TASK ITEM:
Each record needs to be transcribed word for word, though without its pictures.

[Source data]
*** Begin section ***

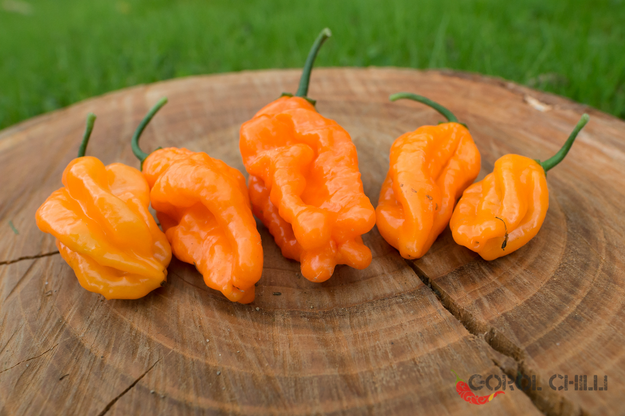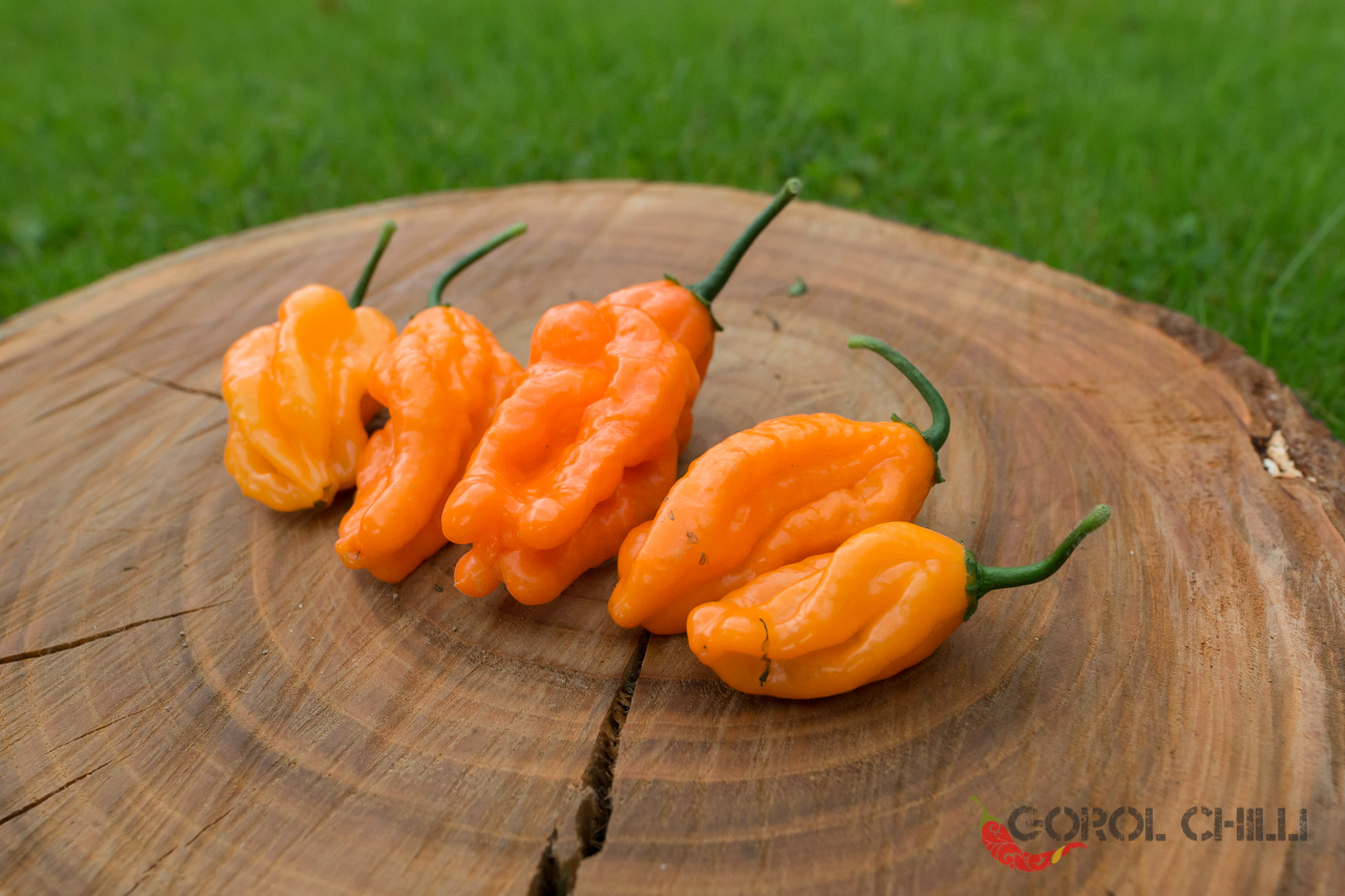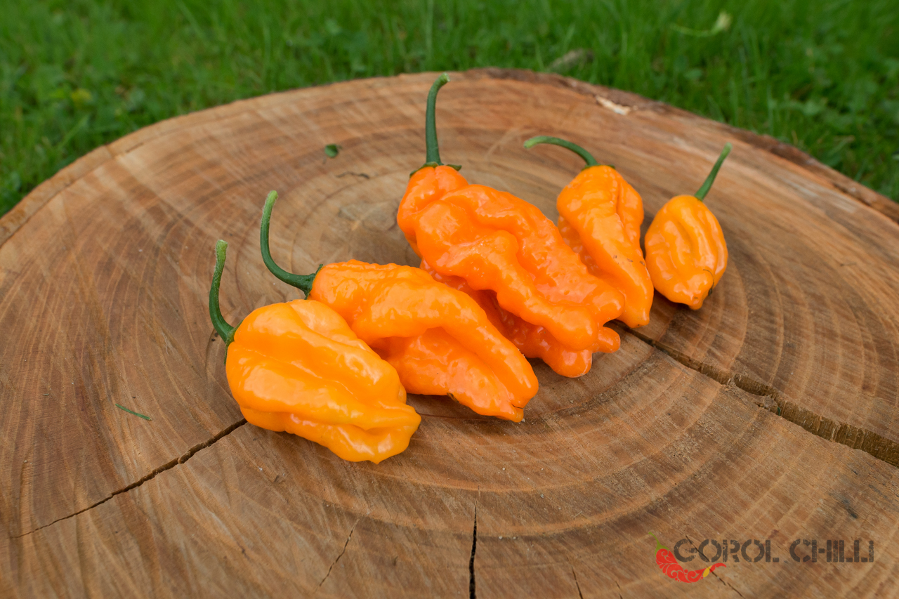 Původ: Jedná se o hybridní kultivar mezi odrůdami Carbon Indian Bhut Jolokia, Yellow 7 Pot a Habanero Orange. Bohužel nenzáme tvůrce ani aktuální generaci, kultivar je však již stabilní.
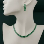 Aurelia brings a timeless charm through its rich emerald green stones set in a sleek silver-toned frame. The necklace follows a graceful, uniform silhouette featuring oval-cut stones that shine vividly against the skin. Paired with matching drop earrings crafted in the same clustered design, this set creates a polished and cohesive look.
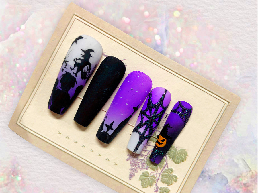 美甲繪制靈感來(lái)源:神秘深邃的夜色里,黑色剪影下的女巫騎著掃把,在烏鴉的陪伴下,從男孩眼前飛過(guò)。在靜謐的得白色月光照耀下,閃現(xiàn)出一幅既充滿(mǎn)童趣,又略帶詭異氛圍的剪影畫(huà)面。
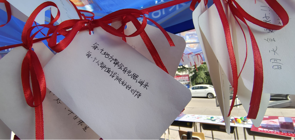 “红丝带”是一种希望的象征,代表着全世界对艾滋病感染者的支持与关心,在卡片寄语环节中,同学们将对艾滋病患者群体的美好祝愿写在小卡片上,并用红丝带系在帐篷下,风吹动小卡片将美好的祝愿转递出去,这更是同学们“手牵手同系红丝带,心连心共抗艾滋病”的象征。
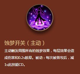 主动技能(蚀梦开关):主动触发周围所有的蚀梦效果,每层效果会造成伤害和0.2s眩晕。被动:每次被普攻后,减1s此技能CD。

*** End section ***

RESULT OF THIS EXERCISE:
 Původ: Jedná se o hybridní kultivar mezi odrůdami Carbon Indian Bhut Jolokia, Yellow 7 Pot a Habanero Orange. Bohužel nenzáme tvůrce ani aktuální generaci, kultivar je však již stabilní.
 Aurelia brings a timeless charm through its rich emerald green stones set in a sleek silver-toned frame. The necklace follows a graceful, uniform silhouette featuring oval-cut stones that shine vividly against the skin. Paired with matching drop earrings crafted in the same clustered design, this set creates a polished and cohesive look.
 美甲繪制靈感來(lái)源:神秘深邃的夜色里,黑色剪影下的女巫騎著掃把,在烏鴉的陪伴下,從男孩眼前飛過(guò)。在靜謐的得白色月光照耀下,閃現(xiàn)出一幅既充滿(mǎn)童趣,又略帶詭異氛圍的剪影畫(huà)面。
 “红丝带”是一种希望的象征,代表着全世界对艾滋病感染者的支持与关心,在卡片寄语环节中,同学们将对艾滋病患者群体的美好祝愿写在小卡片上,并用红丝带系在帐篷下,风吹动小卡片将美好的祝愿转递出去,这更是同学们“手牵手同系红丝带,心连心共抗艾滋病”的象征。
 主动技能(蚀梦开关):主动触发周围所有的蚀梦效果,每层效果会造成伤害和0.2s眩晕。被动:每次被普攻后,减1s此技能CD。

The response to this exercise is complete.